I don't actually know what that does and when one would want to use it. So either I've been missing out terribly, or else it's not needed for a getting started guide. :)

96

"make -j" is bad, it doesn't run number-of-CPUs jobs, instead it puts NO limit on the number of jobs. That usually, IME, eats up all your RAM and destroys your computer.

444

Seems reasonable.

450

Now that I look over this again, I don't think most of this belongs in here, at all. I rewrote this part to just point people to the Phab instructions, and just left a note that email is also OK.

582

I have no idea how to print a list from cmake. Is that even possible?
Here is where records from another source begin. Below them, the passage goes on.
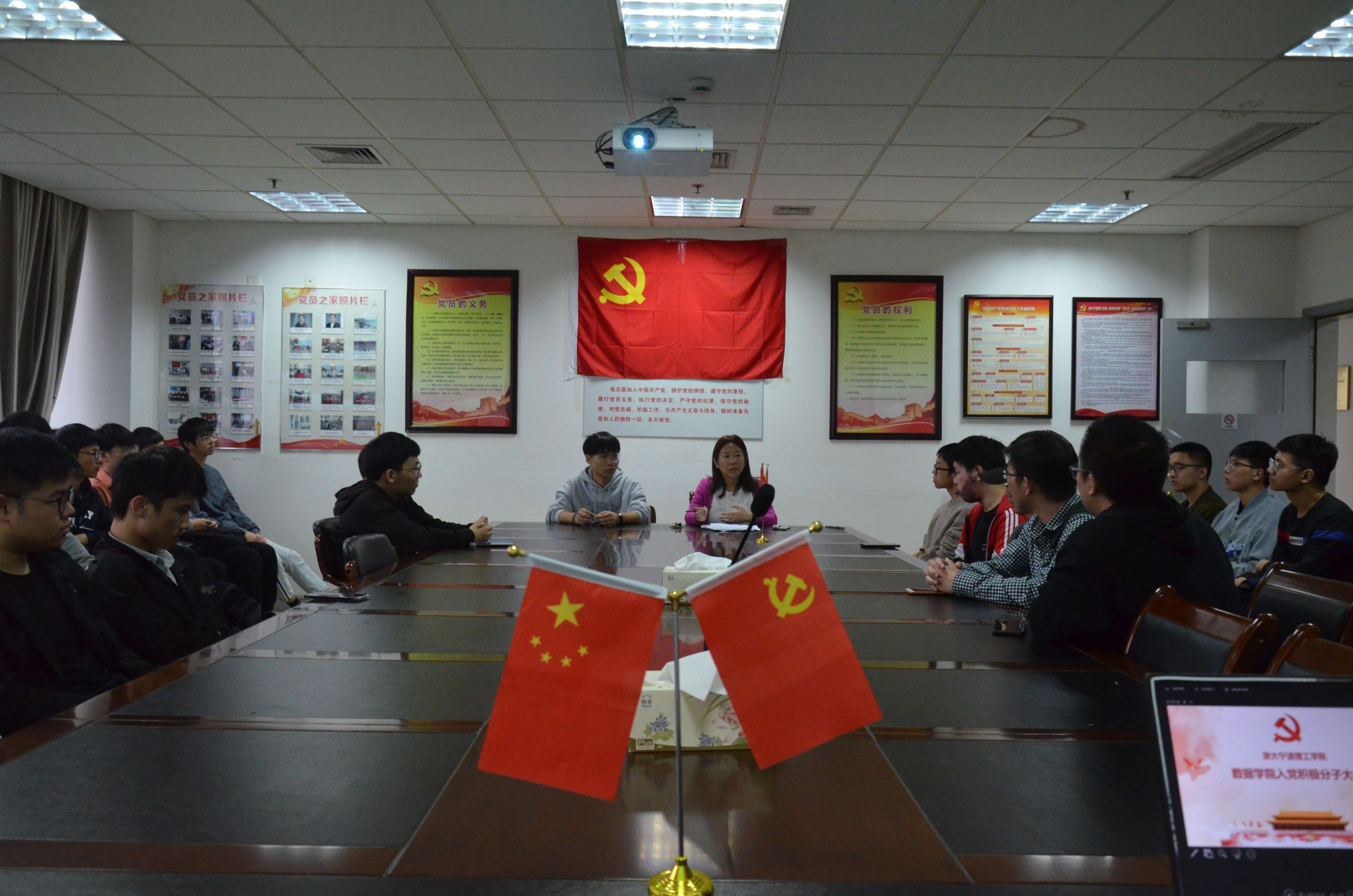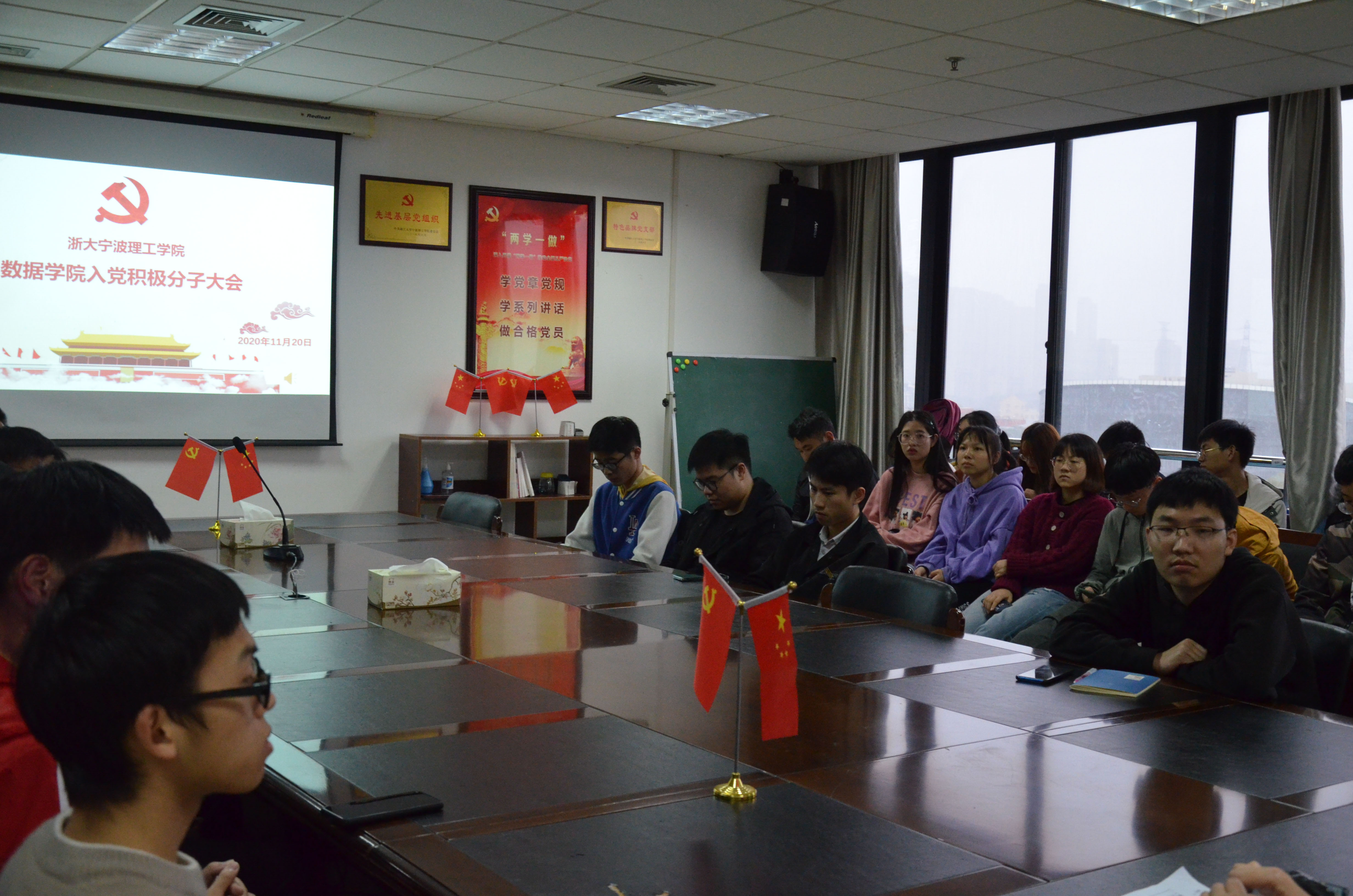 2020年11月20日,数据学院入党积极分子大会在石麟大楼602党员之家举行。参加人员有学院党委组织委员王常青、党务助理汪炼晋以及2018和2019级入党积极分子。
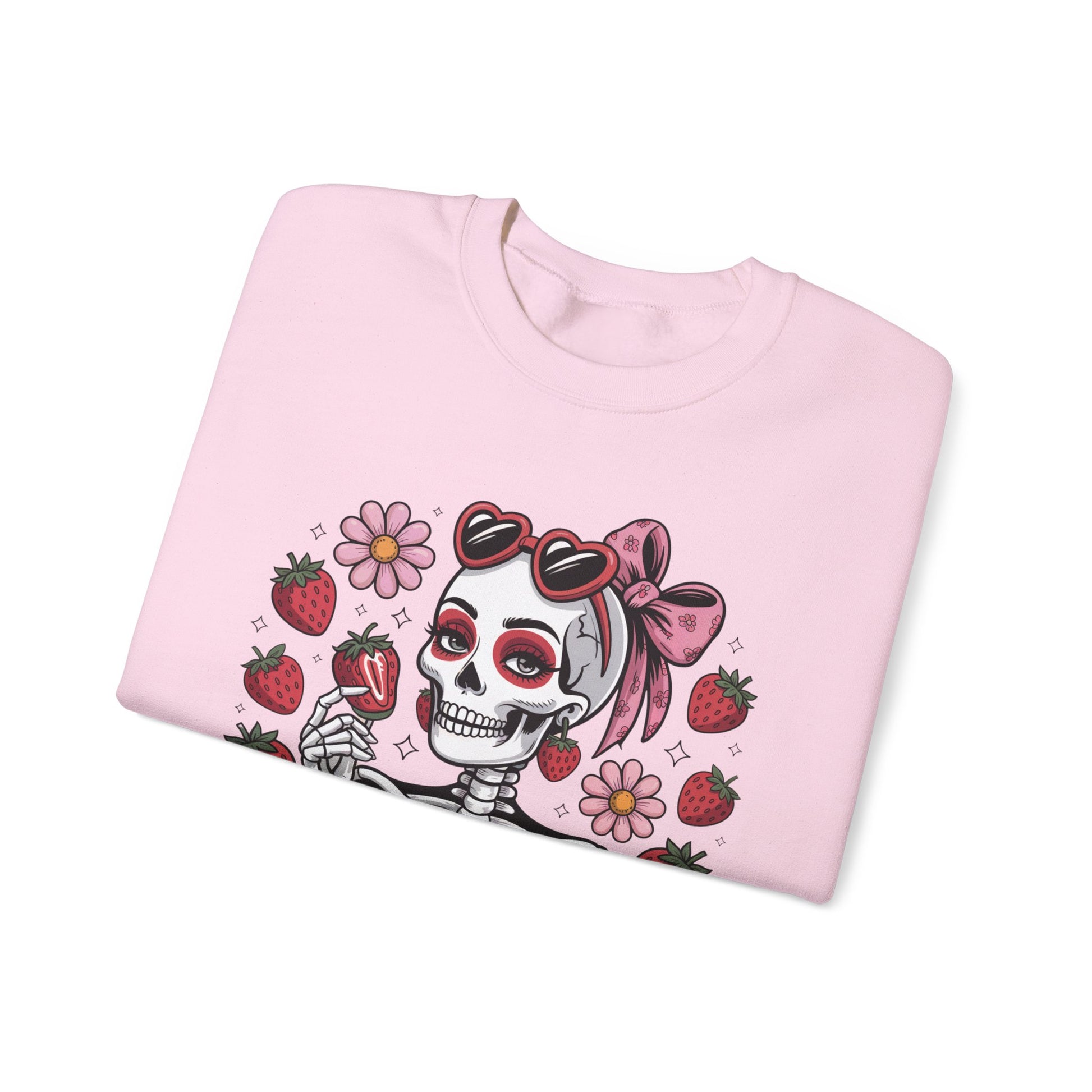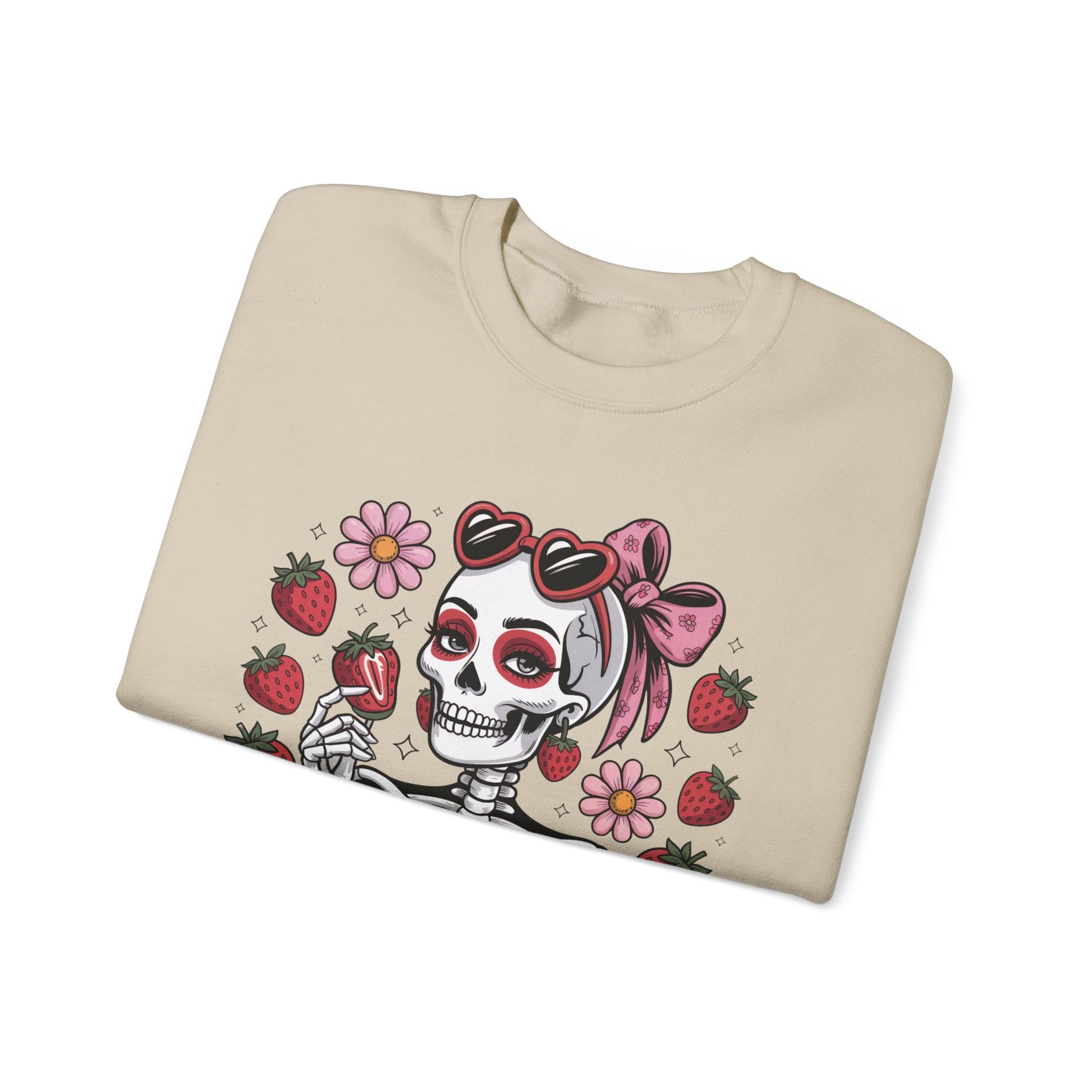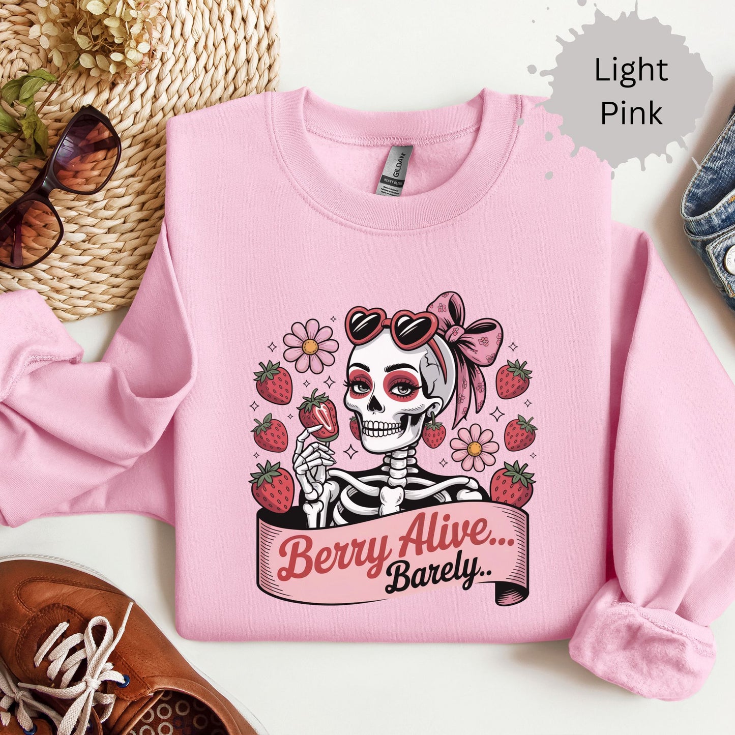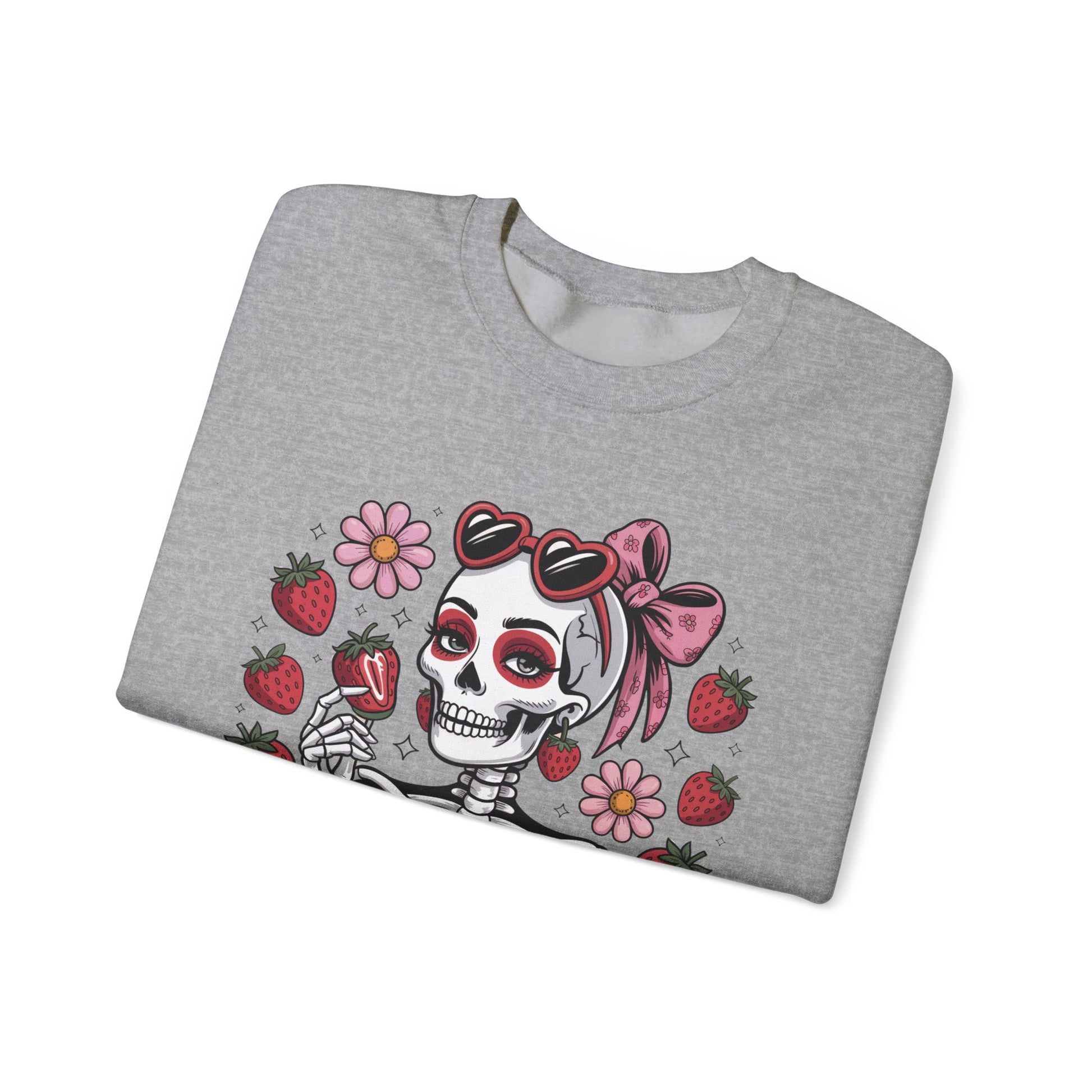 "Berry alive… barely." If seasonal burnout had a uniform, this would be it. Sweet, sassy, and spooky—this strawberry skeleton sweatshirt is for the Halloween girlies hanging on by a thread (and a berry).
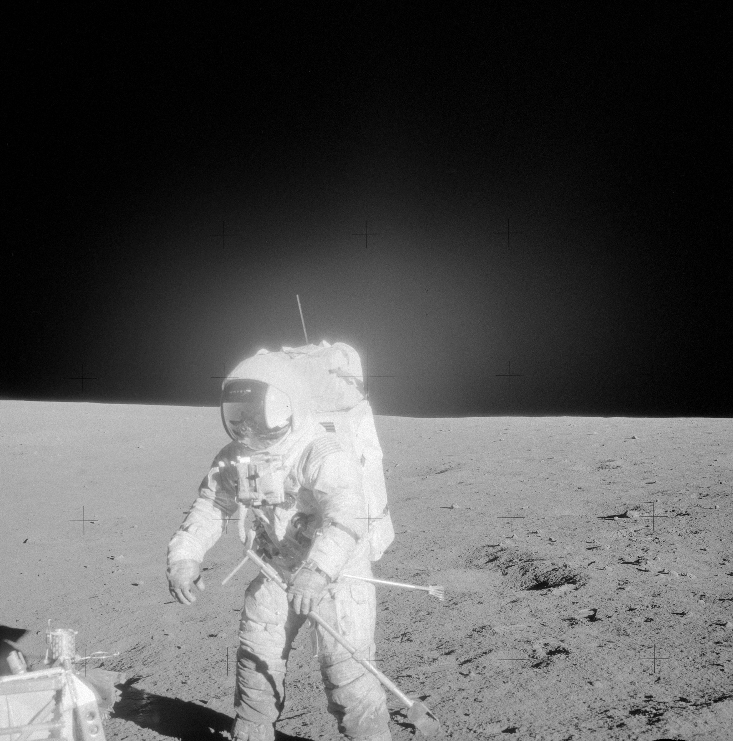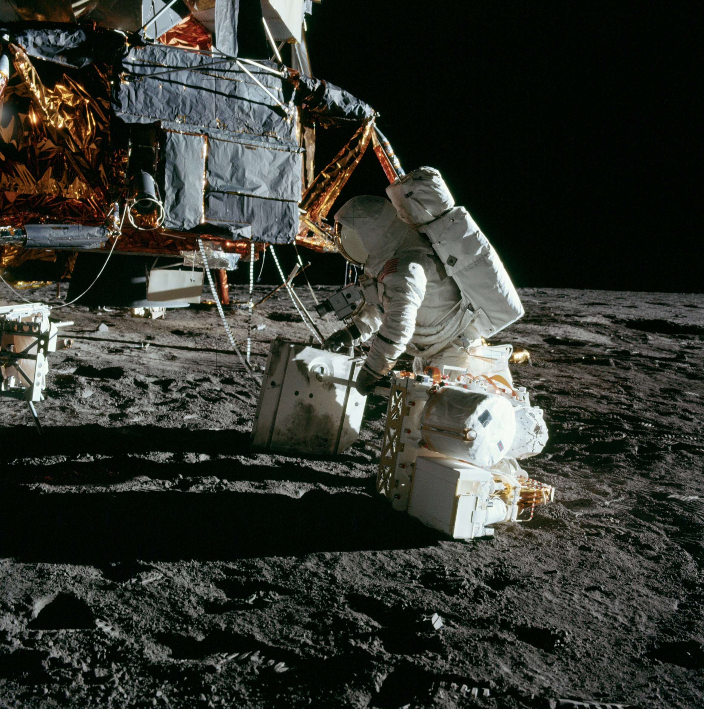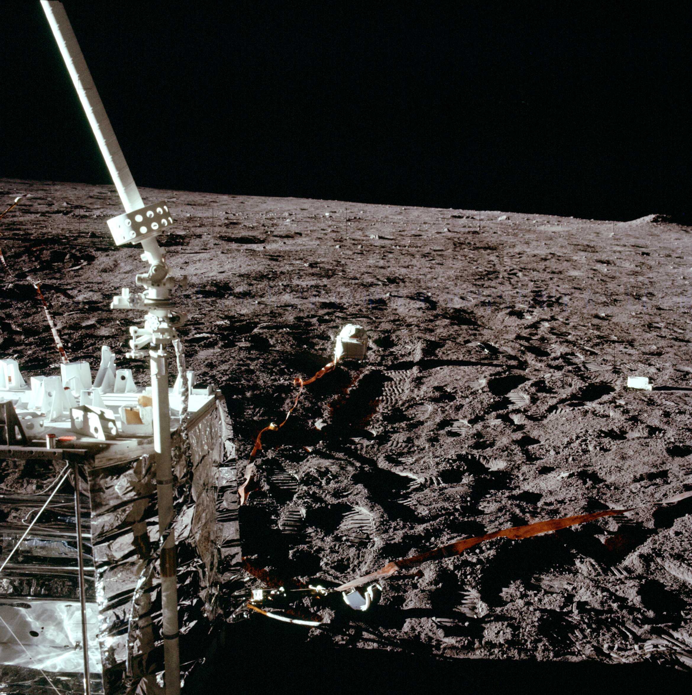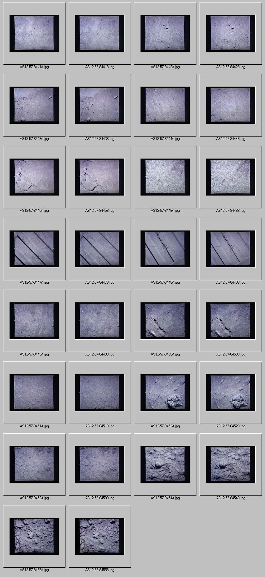 This Apollo 12 Image Library contains all of the pictures taken on the lunar surface by the astronauts together with pictures from pre-flight training and pictures of equipment and the flight hardware. High-resolution version of many of the lunar surface images are included. A source for both thumbnail and low -resolution versions of the lunar surface images is a website compiled by Paul Spudis and colleagues at the Lunar and Planetary Institute in Houston.
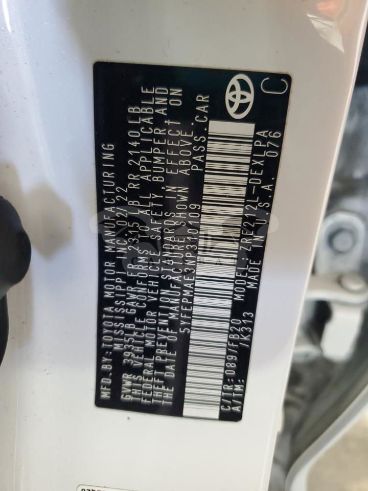 • VIN: 5YFEPMAE3NP310109
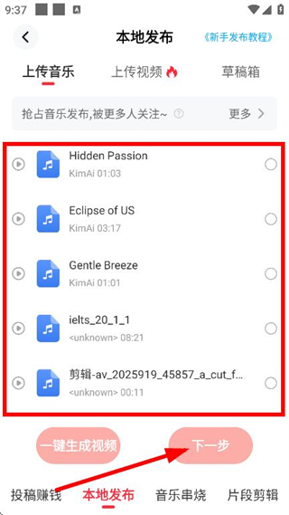 3、選擇要發(fā)布的音樂(lè),點(diǎn)擊下一步,進(jìn)入發(fā)布作品編輯頁(yè)面。

I don't think pointing to the source code would be very helpful, I'd prefer to just have an outdated list vs that.

llvm/docs/Phabricator.rst
200

I've adjusted these instructions.

smeenai added inline comments.Jan 14 2019, 1:43 PM
llvm/docs/GettingStarted.rst
65

It automatically sets up a two-stage build where the selected runtimes (it supports all of libc++, libunwind, compiler-rt, etc.) are built using the just-built clang instead of the host compiler. That's supposedly The Right Thing™ to do for building the runtimes, which is why I was thinking about promoting it, but it's probably not needed here.

jlebar accepted this revision.Jan 14 2019, 1:43 PM
jlebar added a subscriber: tra.
jlebar added inline comments.
llvm/docs/GettingStarted.rst
582

I have no idea how to print a list from cmake. Is that even possible?

Heh, no idea either. /me summons @tra, he has suffered through more than his fair share of cmake.

This revision is now accepted and ready to land.Jan 14 2019, 1:43 PM
smeenai added inline comments.Jan 14 2019, 1:45 PM
llvm/docs/GettingStarted.rst
65

The typo is still there, I think ... semicolor -> semicolon

jyknight marked an inline comment as done.Jan 14 2019, 2:29 PM

Thanks all! Going ahead and committing this now; if there's further changes requested, I'll do followup commits.

llvm/docs/GettingStarted.rst
65

Oops, missed that half of the comment, now fixed.

This revision was automatically updated to reflect the committed changes.
tra added inline comments.Jan 14 2019, 3:05 PM
llvm/docs/GettingStarted.rst
582

AFAICT, there's no explicitly defined canonical list of projects. Judging by the llvm/CMakeLists.txt it appears that a project must be a top-level repo directory :
https://github.com/llvm-mirror/llvm/blob/master/CMakeLists.txt#L113

I'm not sure if all top level directories are projects, though.